A Right To Be Wrong

This is America. You have a right to be wrong. I'll be sure to tell you about it.

1.05.2007

Yes Virginia, there is a Koran

A brief update on an earlier story:

Rep. Keith Ellison (D-Minn) was sworn in yesterday, together with all of the other members of the 110th Congress. As threatened, in an act of defiance some believe was deliberately crafted to undermine American civilization, he swore his oath with his hand on the Koran.

Not the Bible.

Because he's Muslim.

Please see my earlier post on this topic for a more detailed explanation of why this really shouldn't matter, and why the people who insist it does are nuts. Yeah, I could probably put some sort of magic link in here so you could jump to the post with a click, but seriously, how lazy are you? Scroll down like 8 inches and read the thing. Go ahead, we'll wait.

Ok.

To the best of my knowledge, American civilization has not collapsed. Well, not any more than it already had under the crushing weight of reality television, too much fast food, and whatever lapse in judgment is responsible for allowing Britney Spears out in public.

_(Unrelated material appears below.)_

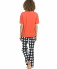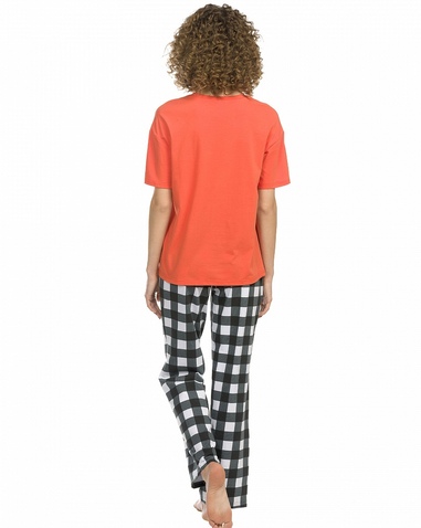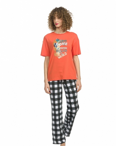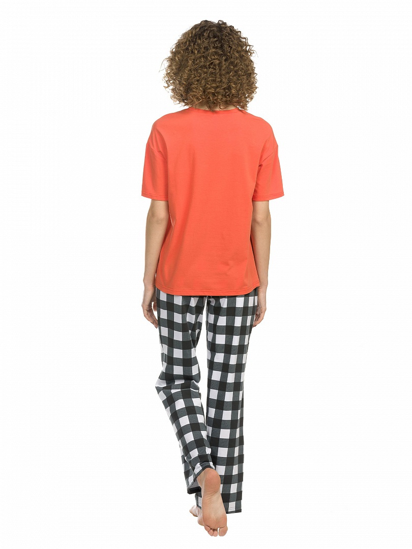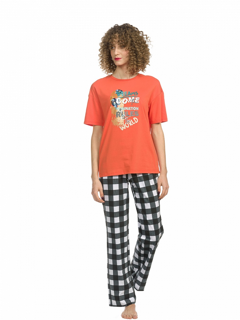Комплект женский: футболка и брюки. Футболка слегка увеличенного объема, спущенное плечо, широкий рукав. Моно-принт с металлизированными оттенками разных цветов. Перевод: "Мечты сбываются. Воображение правит миром". Рисунок клетки имитирует фактуру ткани. Брюки умеренного объема с карманами в боковых швах. Состав: верх: 57%хлопок 38%полиэстер 5%эластан, низ: 57%хлопок 38%полиэстер 5%эластан

However, Ellison's swearing in may well have highlighted American decline in a way his detractors never intended.

In a move that was powerfully symbolic and politically brilliant, Ellison selected for his swearing in a copy of the Koran that came from the personal library of Thomas Jefferson. Who was one of the Founding Fathers. Who, in 1779, championed religious freedom and tolerance, authoring one of the nation's first laws protecting the right to practice, or not practice, the religion of our choice. The law declared:
..no man shall be compelled to frequent or support any religious worship, place, or ministry whatsoever, nor shall be enforced, restrained, molested, or burthened in his body or goods, nor shall otherwise suffer, on account of his religious opinions or belief; but that all men shall be free to profess, and by argument to maintain, their opinions in matters of religion, and that the same shall in no wise diminish, enlarge, or affect their civil capacities.
Actually, I shouldn't say "declared," as in past tense. The law is still in force today, more than two centuries later.

As an article of the constitition of the Commonwealth of Virginia.

You see, when he wrote it, Thomas Jefferson was the governor of Virginia.

Ironically, of course, much of the outrcy over Ellison's swearing of an oath on the holy text of a minority religion came from the good people of modern Virginia and one of their elected representatives. So congratulations Rep. Goode and your constituents. American civilization may not have crumbled under the weight of religious freedom, but you've managed to prove that Virginian civilization has fallen a long way in 200 years.